The Framers’ disapproval of such a system of ad hoc legislative review of individual trial court judgments has no bearing on remedial measures such as Rule 60(b) or the 1991 amendment at issue today. The history on which the Court relies provides no support for its holding.
Ill
The lack of precedent for the Court’s holding is not, of course, a sufficient reason to reject it. Correct application of separation-of-powers principles, however, confirms that the Court has reached the wrong result. As our most recent major pronouncement on the separation of powers noted, “we have never held that the Constitution requires that the three branches of Government ‘operate with absolute independence.’” Morrison v. Olson, 487 U. S. 654, 693-694 (1988) (quoting United States v. Nixon, 418 U. S. 683, 707 (1974)). Rather, our jurisprudence reflects “Madison’s flexible approach to separation of powers.” Mistretta v. United States, 488 U. S. 361, 380 (1989). In accepting Madison’s conception rather than any “hermetic division among the Branches,” id., at 381, “we have upheld statutory provisions that to some degree commingle the functions of the Branches, but that pose no danger of either aggrandizement or encroachment,” id., at 382. Today’s holding does not comport with these ideals.
Section 27A shares several important characteristics with the remedial statutes discussed above. It does not decide the merits of any issue in any litigation but merely removes an impediment to judicial decision on the merits. The impediment it removes would have produced inequity because the statute’s beneficiaries did not cause the impediment. It requires a party invoking its benefits to file a motion within a specified time and to convince a court that the statute entitles the party to relief. Most important, §27A(b) specifies *261both a substantive rule to govern the reopening of a class of judgments — the pr e-Lampf limitations rule — and a procedure for the courts to apply in determining whether a particular motion to reopen should be granted. These characteristics are quintessentially legislative. They reflect Congress’ fealty to the separation of powers and its intention to avoid the sort of ad hoc excesses the Court rightly criticizes in colonial legislative practice. In my judgment, all of these elements distinguish §27A from “judicial” action and confirm its constitutionality. A sensible analysis would at least consider them in the balance.

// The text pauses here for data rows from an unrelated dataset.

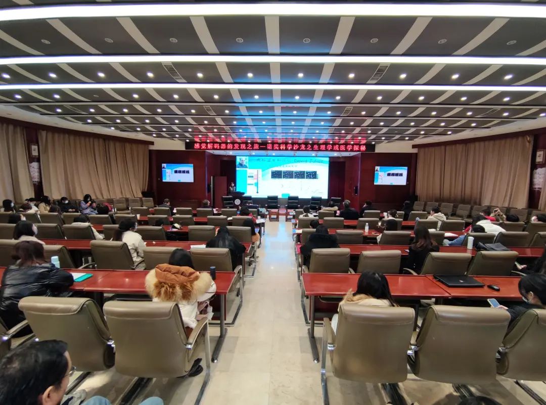 生命学院乔博灵教授作了题为“感觉解码器的发现之旅—诺奖科学沙龙之生理学/医学探索”的报告,解读了今年诺贝尔生理学或医学奖的学术贡献和重要意义。
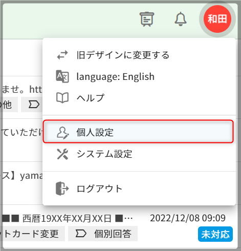 1.Re:lation画面右上のアイコンをクリックし、[個人設定]を選択します。
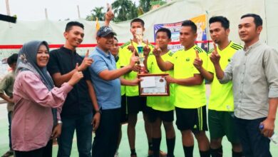 Foto Ketua RT.07/RW.01 Kelurahan Perawang, Nila Dewi saat penyerahan Piala pemenang Turnamen Sepak Takraw Port Pipa Cup 1 Sekabupaten Siak.(Dok.Bernas.Network) Sukses Gelar Turnamen Sepak Takraw Se-Kabupaten Siak, Warga Beri Apresiasi Ketua RT.07/RW.01 Kelurahan Perawang
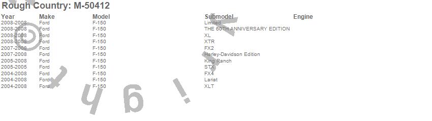 Below is an abbreviated list of applications for the Heavy Duty Floor Mats.F-150, Ford, 2008, 2007, 2006, 2005, 2004
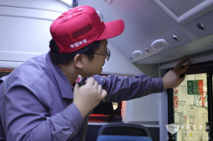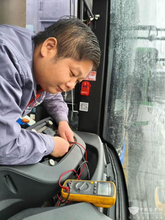 王秀时而俯身查看车底,时而起身检查万用表,他心无旁骛,为车辆平稳运行保驾护航。
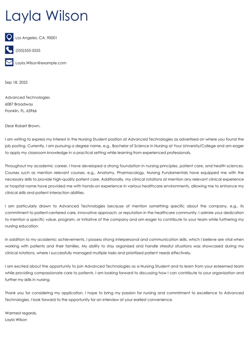 Use it to write your own Mayo-Clinic-worthy nursing students cover letter.
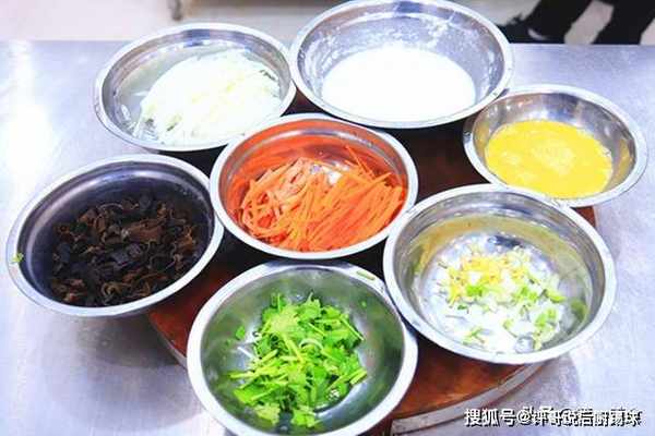 提前泡软的木耳,切成碎片,冬瓜去皮去瓤切成细丝;胡萝卜半根也切成丝;一根火腿、切成同样的细丝,另外切一点葱花和姜末;碗中打入2个鸡蛋,快速搅散成鸡蛋液;准备一个小盆放入一小勺淀粉和适量的面粉,加入适量的清水搅成细腻的面糊;再切一点香菜段备用。
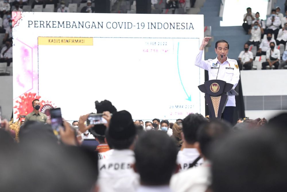 “Varian Omicron 64.000 (kasus) saat tinggi-tingginya, saat itu di pertengahan Februari. Kemarin sore 2.700 (kasus) alhamdulillah, dari 64.700 turun menjadi 2.700 (kasus). Ini juga berkat kerja keras Bapak-Ibu semuanya dalam memberitahu masyarakat, dalam menganjurkan masyarakat untuk vaksinasi, untuk memakai masker, untuk menjaga jarak, untuk cuci tangan,” ujarnya.

Instead, the Court myopically disposes of § 27A(b) by holding that Congress has no power to “requir[e] an Article III court to set aside a final judgment.” Ante, at 240. That holding must mean one of two things. It could mean that Congress may not impose a mandatory duty on a court to set aside a judgment even if the court makes a particular finding, such as a finding of fraud or mistake, that Congress has not made. Such a rule, however, could not be correct. Although Rule 60(b), for example, merely authorizes federal courts to set aside judgments after making appropriate findings, Acts of Congress characteristically set standards that judges are obligated to enforce. Accordingly, Congress surely could add to Rule 60(b) certain instances in which courts must grant relief from final judgments if they make particular findings — for example, a finding that a member of the jury accepted a bribe from the prevailing party. The Court, therefore, must mean to hold that Congress may not unconditionally require an Article III court to set aside a final judgment. That rule is both unwise and beside the point of this case.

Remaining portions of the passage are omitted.